SECTION 4. STANDARD OF CARE; CONFORMITY WITH APPLICABLE LAW;
LIABILITY OF ADMINISTRATIVE AGENT. (a) The Administrative Agent will perform
its duties hereunder in accordance with the same standard of care exercised by
the Administrative Agent in the conduct of similar affairs for its own account.
(b) The Administrative Agent will not, in performing its
obligations hereunder, take any action that would be in violation of any law,
rule or regulation that may be applicable to the Administrative Agent, its
property or the services to be performed hereunder.

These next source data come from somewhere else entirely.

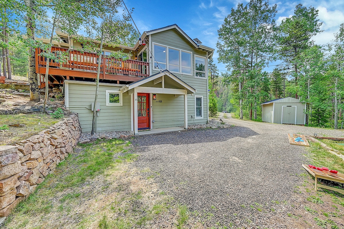 Escape to 2 acres of private mountain land in this peaceful and spacious Conifer retreat. Enjoy stunning views from multiple decks, including a detached rock-top deck perfect for yoga or meditation. Unwind in the hot tub, gather in the game room, or stream on two Smart TVs. Full privacy with no neighbors, just 10 minutes to dining and shops, and a short drive to Red Rocks and downtown Denver. Top Amenities: • Hot tub • Game room • Two Smart TVs • Fire pit • 2-acre private lot • 2-car garage
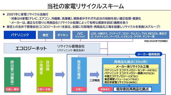 そして、パナソニックグループは東芝との共同出資で管理会社のエコロジーネットを設立し、全国に引き取り場所と再商品化工場を設け、リサイクルを開始した。
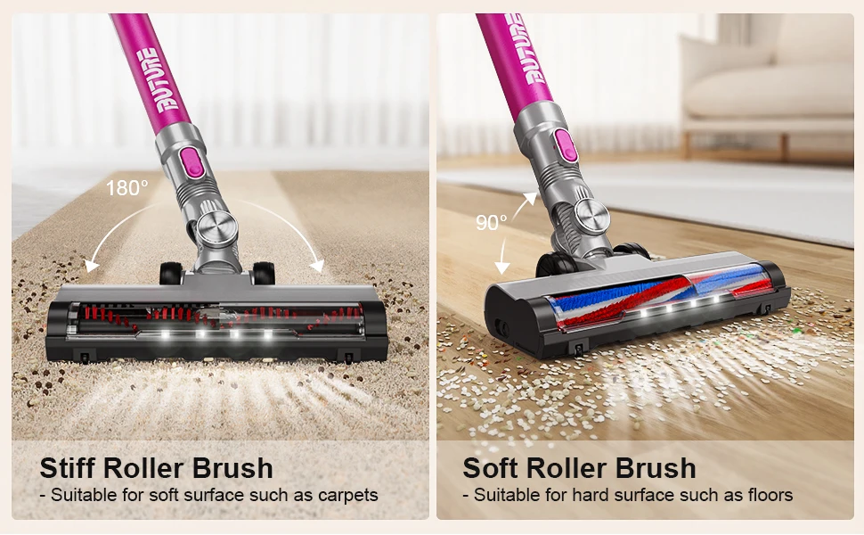 �� 【4-in-1 Multifunctional Vacuum Cleaner】 With the multifunctional cleaning tools and LED lights, the quiet head can rotate 180 ° left / right, and 90 ° up / down. BuTure cordless vacuum cleaner can be used to clean all types of floors, above and below furniture, corners and fabrics. The telescopic extension tube (45cm to 71cm) is suitable for people of different stature.
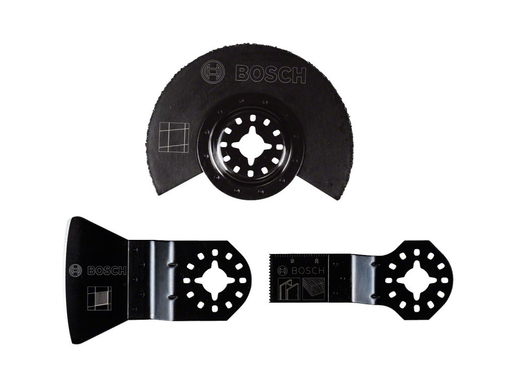 A készlet tartalma: Bimetál merülőfűrészlap fémhez, AIZ 20 AB (1 db), HCS hántoló, ATZ 52 SC (1 db), HM-RIFF szegmens fűrészlap, ACZ 85 MT4 (1 db)
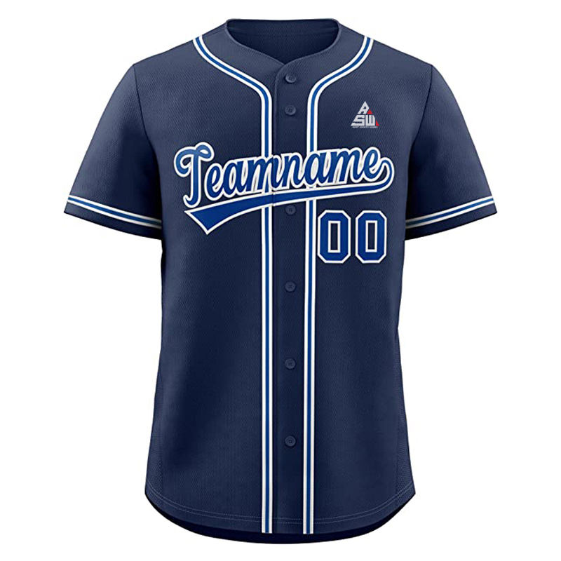 เสื้อเบสบอลสีดำขาวพิมพ์ลายตามสั่งปี 2025 แต่งกระดุมสีน้ำเงิน ชุดทีมพร้อมปักชื่อและหมายเลขแบบมืออาชีพ แขนสั้น
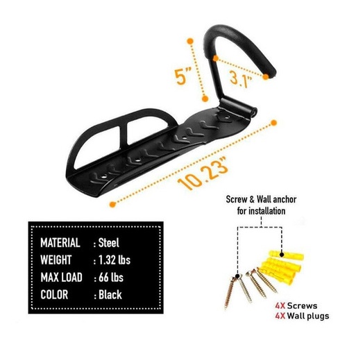 1x Gancho De Parede Bike P/ Pendurar Suporte De Bike C/ Apoio

(c) The Administrative Agent shall not (a) be liable for
any action taken or omitted to be taken by it under or in connection with this
Agreement (except for its own gross negligence or willful misconduct), or (b) be
responsible in any manner for any recital, statement, representation or warranty
made by the Issuer, Indenture Trustee or Servicer, or any officer thereof,
contained in this Agreement or in any other Related Document, or in any
certificate, report, statement or other document referred to or provided for in,
or received by the Administrative Agent under or in connection with, this
Agreement or in any other Related Document, or for the value of any Collateral
or the validity, effectiveness, genuineness, enforceability or sufficiency of
any Related Document, or for any failure of the Issuer or Servicer or any other
party to any Related Document to perform its obligations thereunder except to
the extent set forth therein. The Administrative Agent shall be entitled to
rely, and shall be fully protected in relying, upon any writing, resolution,
notice, consent, certificate, affidavit, letter, telegram, facsimile, telex or
other document reasonably believed by it to be genuine and correct and to have
been signed or sent by the proper Person or Persons, and upon advice and
statements of legal counsel, independent accountants and other experts selected
by the Administrative Agent.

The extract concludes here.